2. Start the Docker instance: docker run -it YOUR_IMAGE_ID bash
3. (Optional) Install uv and after installing it, source the bash file for uv (it'll tell you to do so).
curl -LsSf https://astral.sh/uv/install.sh | sh
4. (Optional) Create a venv (for using a different python version):
cd ~
uv venv --python 3.10 torch-gfx803
cd torch-gfx803
source bin/activate
5. Link the required projects, and get the pytorch-builder repository (pytorch-builder is no longer used for PyTorch 2.4+, but I need it for PyTorch 1.13):
ln -s /var/lib/jenkins/pytorch pytorch
git clone https://github.com/pytorch/builder.git
6. Fix build-specific issues for ROCm 5.7:
cd pytorch
ln -s /usr/bin/patchelf /usr/local/bin/patchelf
mkdir -p .ci/docker/ci_commit_pins
echo "34f8189eae57a23cc15b4b4f032fe25757e0db8e" > .ci/docker/ci_commit_pins/triton-rocm.txt
echo "2.1.0" > .ci/docker/triton_version.txt
7. Edit ~/torch-gfx803/builder/manywheel/build_rocm.sh
and comment out the entire block related to triton
at the end (where it appends the +{TRITON_SHORTHASH}
suffix).
8. Install ccache
:
sudo apt install ccache
9. Set the required env variables (you can also save this in a file and source
it instead, for convenience):
export HSA_OVERRIDE_GFX_VERSION="8.0.3"
export ROC_ENABLE_PRE_VEGA="1"
export PYTORCH_ROCM_ARCH="gfx803"
export ROCM_ARCH="gfx803"
export TORCH_BLAS_PREFER_HIPBLASLT="0"
export USE_CUDA="0"
export USE_ROCM="1"
export USE_LMDB="1"
export USE_OPENCV="1"
export USE_MKLDNN="0"
export USE_MPI="0"
export USE_NINJA="1"
export BLAS="Eigen"
export FORCE_CUDA="1"
export DESIRED_CUDA="rocm5.7"
export DESIRED_PYTHON="3.10"
export PYTORCH_FINAL_PACKAGE_DIR="/root/torch-gfx803/wheels"
export PYTORCH_ROOT="/root/torch-gfx803/pytorch"
export PYTORCH_BUILD_VERSION=1.13.0 PYTORCH_BUILD_NUMBER=1
10. Build PyTorch:
~/torch-gfx803/builder/manywheel/build_rocm.sh
Post-installation
For now, the user needs to install OpenMPI and MKL on their PC, before being able to use this wheel.
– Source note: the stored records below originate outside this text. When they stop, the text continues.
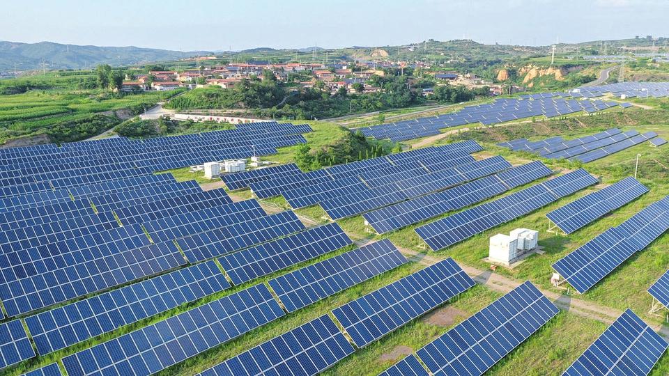 近日,山西省阳泉市盂县牛村镇教场村光伏基地,一排排光伏发电板在阳光照射下熠熠生辉,源源不断地输出绿色电能。近年来,盂县通过利用荒山坡、厂房屋顶建设光伏电站,实现农村生产生活节能减排,推进能源绿色低碳转型。(程瑜/摄)
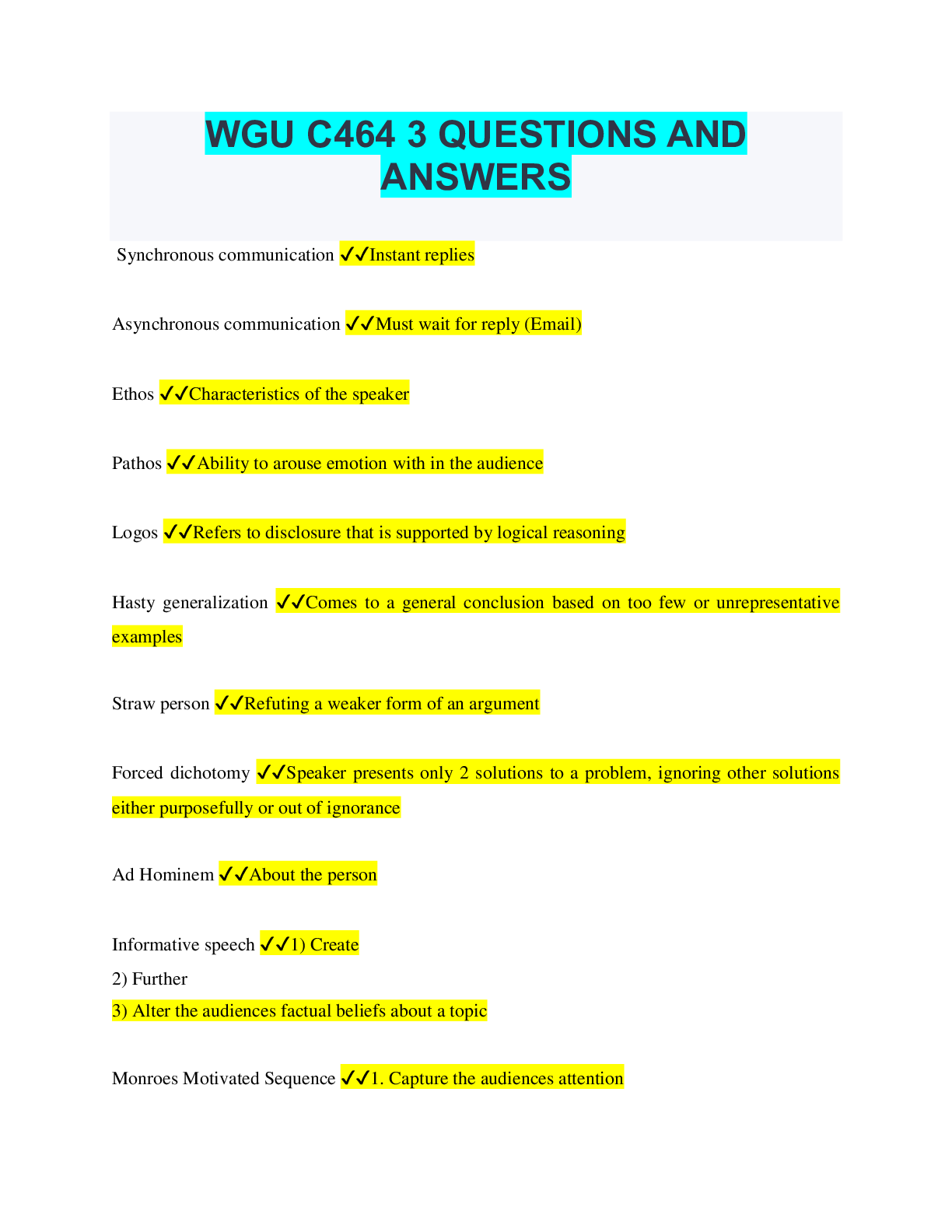 Information Technology > QUESTIONS & ANSWERS > WGU C464 - Introduction to Communication Questions and Answers Already Passed (All)
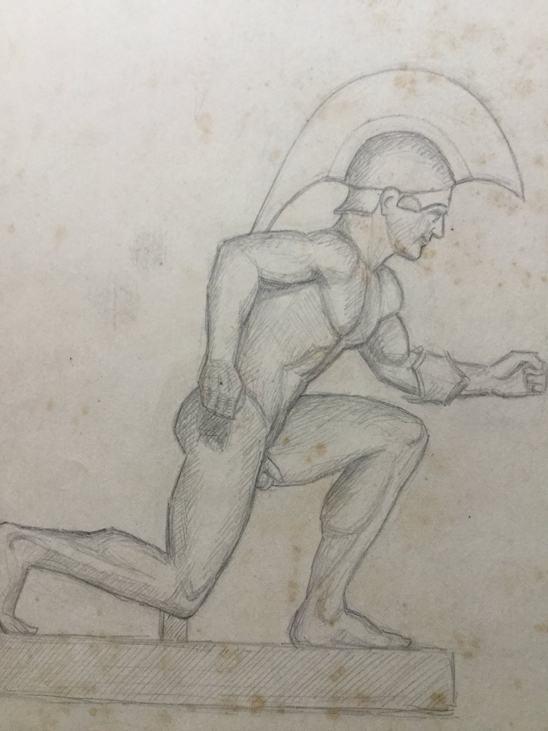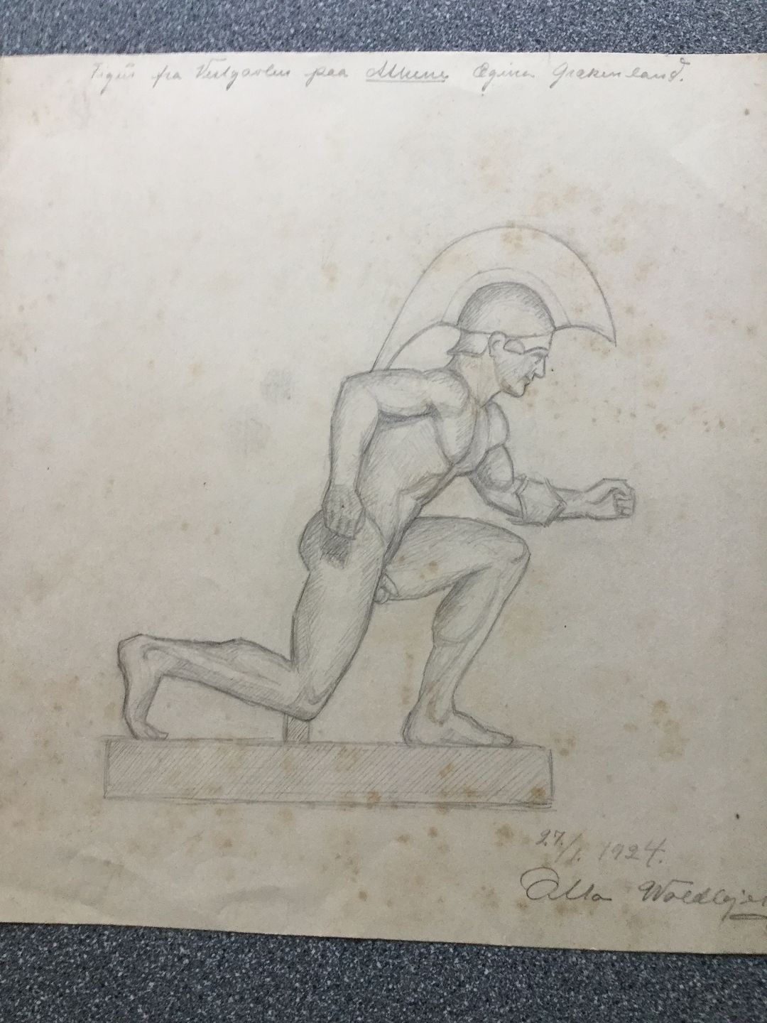 Figur fra vestgavlen på Athene Ægina, Grækenland 1924.
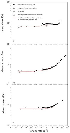 In all cases, the Herschel-Bulkley model (Equation (2)) has been used to fit these corrected steady-state flow curves:
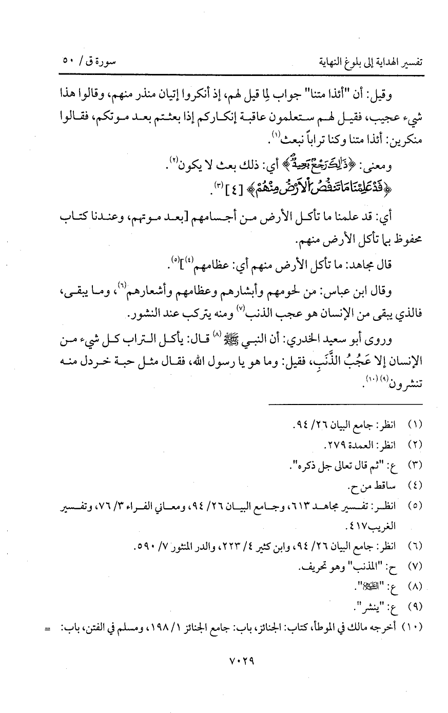 وروى أبو سعيد الخدري: " أن النبي A قال: يأكل التراب كل شيء من الإنسان إلا عَجُبُ الذَّنَبِ، فقيل: وما هو يا رسول الله، فقال مثل حبة خردل منه تنشرون ".

I'm not sure how to remove the requirement for these libraries, since the official PyTorch 1.13.0+rocm5.2 wheel does not include or need these libraries. I'm not sure if these requirements were added in between ROCm 5.2 and 5.7.
To install these libraries, the user needs to run these commands on their PC:
OpenMPI:
sudo apt install libopenmpi-dev
MKL:
wget -O- https://apt.repos.intel.com/intel-gpg-keys/GPG-PUB-KEY-INTEL-SW-PRODUCTS.PUB | gpg --dearmor | sudo tee /usr/share/keyrings/oneapi-archive-keyring.gpg > /dev/null
echo "deb [signed-by=/usr/share/keyrings/oneapi-archive-keyring.gpg] https://apt.repos.intel.com/oneapi all main" | sudo tee /etc/apt/sources.list.d/oneAPI.list
sudo apt update
sudo apt install intel-oneapi-mkl-devel=2024.0.0-49656
export LD_LIBRARY_PATH=/opt/intel/oneapi/mkl/2024.0/lib:$LD_LIBRARY_PATH
But does it work?
Sort of. It now loads, i.e. we can runimport torch
and it works. But it produces garbage results if we add two numbers with it. CPU math works, but GPU math fails, for e.g.
>>> import torch
>>> cpu_x = torch.tensor([0, 1, 2])
>>> rocm_x = torch.tensor([0, 1, 2], device='cuda:0')
>>> cpu_x + 10
tensor([10, 11, 12]) # correct
>>> rocm_x + 10
tensor([ 4492320119074422909, -88335127951390314, -7107455620438441222], device='cuda:0') # <---- garbage values
There's probably a bug in the included ROCBLAS version, might need to recompile ROCBLAS for gfx803 separately. I could also write a simple addition program ([1], [2]) that uses ROCBLAS, to test it.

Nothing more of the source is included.